Por supuesto que periodista no significa prensa. De modo que en nuestra batalla hay implicadas muchas fuerzas, todas decisorias. Por eso es urgente que la relevancia que el Comandante nos confiere como arma ideológica y política de la Revolución, sea correctamente interpretada y asumida en todos los niveles de la sociedad.
La unidad, la complicidad entre todos los que soñamos un país mejor, se imponen. Hay que eliminar prejuicios y echar por tierra el dañino e ilógico contrapunteo entre el periodista que algunos encasillan en el papel de la criatura errática incapaz de merecer información, y el funcionario «de luces» que se ha parapetado tras su buró, convencido de que es mejor no abrir las puertas de su oficina. O este otro contrapunteo: El reportero de armas tomar, «iluminado», parapetado en su atalaya, para quien todos los cuadros son tontos e ineficaces burócratas.
Ciertamente, como reza el viejo refrán, hay de todo en la viña del Señor. Pero se impone el equilibrio y poner la mirada en la voluntad más elevada. Porque por el medio de esos polos mencionados a modo de ejemplo y a los que podríamos sumar otros extremos caricaturescos, pasa algo estratégico como la credibilidad del pueblo en su prensa revolucionaria, la confianza popular en las instituciones, y la salud y perdurabilidad de nuestro cuerpo social.
La responsabilidad es muy grande y debe ser sabiamente compartida, sin mezquindades, temores ni paranoia. La Patria es sagrada, y a su llamado debemos acudir todos, con la parte que nos toca, con igual humildad y pasión.
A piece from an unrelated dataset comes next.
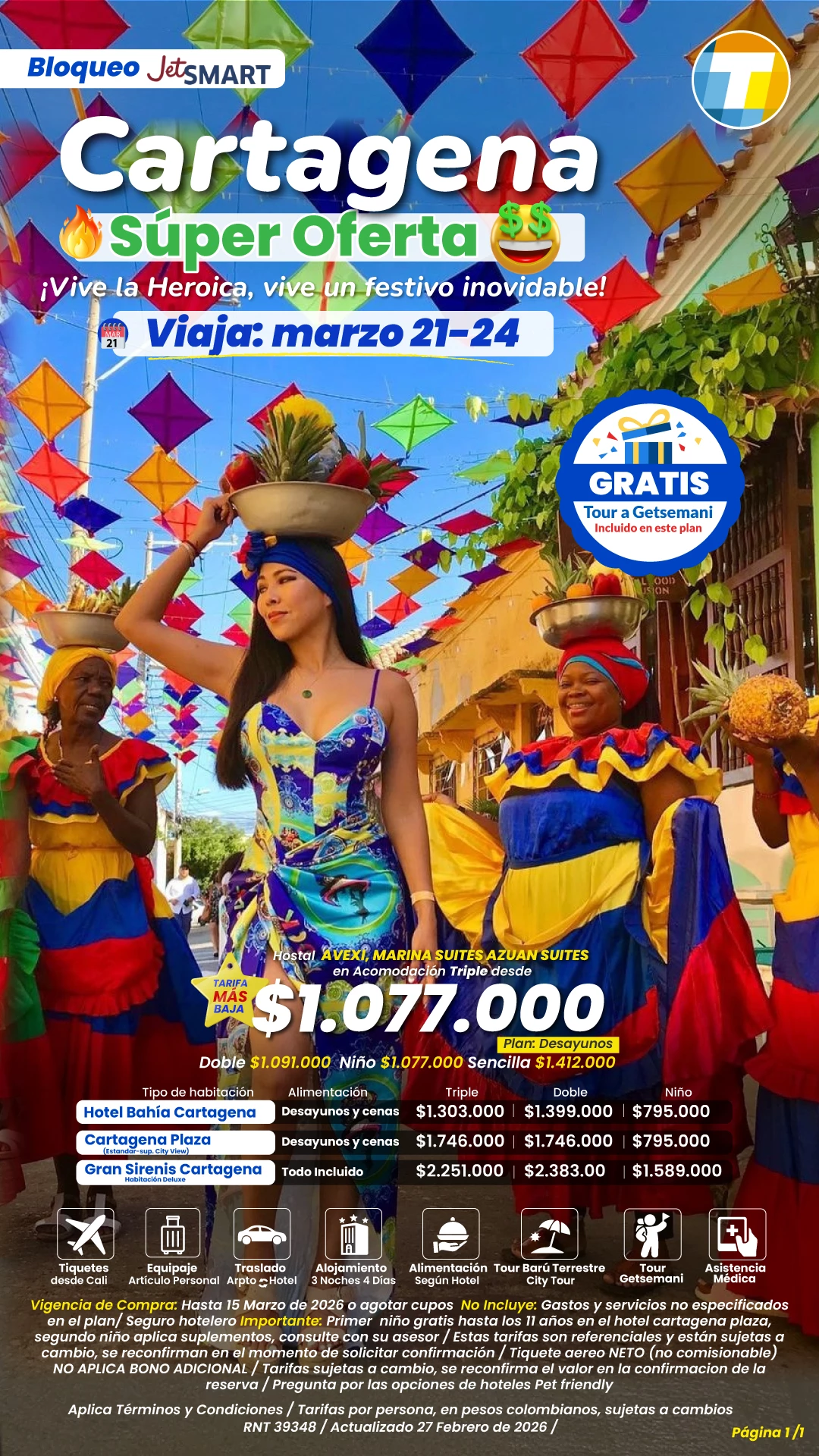 Tarifas por persona en pesos colombianos, sujetas a cambios sin previo aviso, sujetas a disponibilidad de cupos.
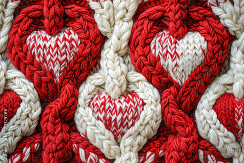 Red and white yarn knitted as hearts pattern as seamless texture background

Si nosotros los periodistas nos equivocamos, nuestros errores, por lo general y por desgracia, son publicados. Es esa nuestra espada de Damocles. Pero debemos asumirla, y hacer mucho más; ocupar, todavía con mayor denuedo, la trinchera que nos corresponde, incluso a riesgo de equivocarnos. Y en nuestro honesto intento por defender la Revolución, se nos puede acompañar, enseñar, estimular, alertarnos sobre caminos errados, discrepar incluso de nuestras ideas. Pero nadie tiene derecho a disminuirnos o a subestimarnos, nadie tiene derecho a escamotear o entorpecer nuestra labor. El pueblo, que es sabio y muy culto, nunca lo ha hecho. Fidel, y quienes han aprendido de su escuela, han esperado siempre lo mejor de nosotros.
Este VIII Congreso de la UPEC puede ser un magnífico escenario de reflexiones que aborden múltiples ideas, todas encauzadas al horizonte de poner en su verdadero espacio de responsabilidad y valía al periodista de la Cuba actual.
Quería, para finalizar, compartir con mis colegas y compañeros aquí presentes, una idea que siempre me ha estremecido, del escritor argentino Julio Cortázar, porque pienso que, cuando él la estampó en una carta al intelectual cubano Roberto Fernández Retamar, pensó en todos los que amamos la palabra y hemos encontrado en ella un arma de combate: «(...) La tentación cotidiana de volver como en otros tiempos a una entrega total y fervorosa a los problemas estéticos e intelectuales, a la filosofía abstracta, a los altos juegos del pensamiento y de la imaginación, a la creación sin otro fin que el placer de la inteligencia y de la sensibilidad, libran en mí una interminable batalla con el sentimiento de que nada de todo eso se justifica éticamente si al mismo tiempo no se está abierto a los problemas vitales de los pueblos, si no se asume decididamente la condición de intelectual del tercer mundo en la medida en que todo intelectual, hoy en día, pertenece potencial o efectivamente al tercer mundo puesto que su sola vocación es un peligro, una amenaza, un escándalo para los que apoyan lenta pero seguramente el dedo en el gatillo de la bomba».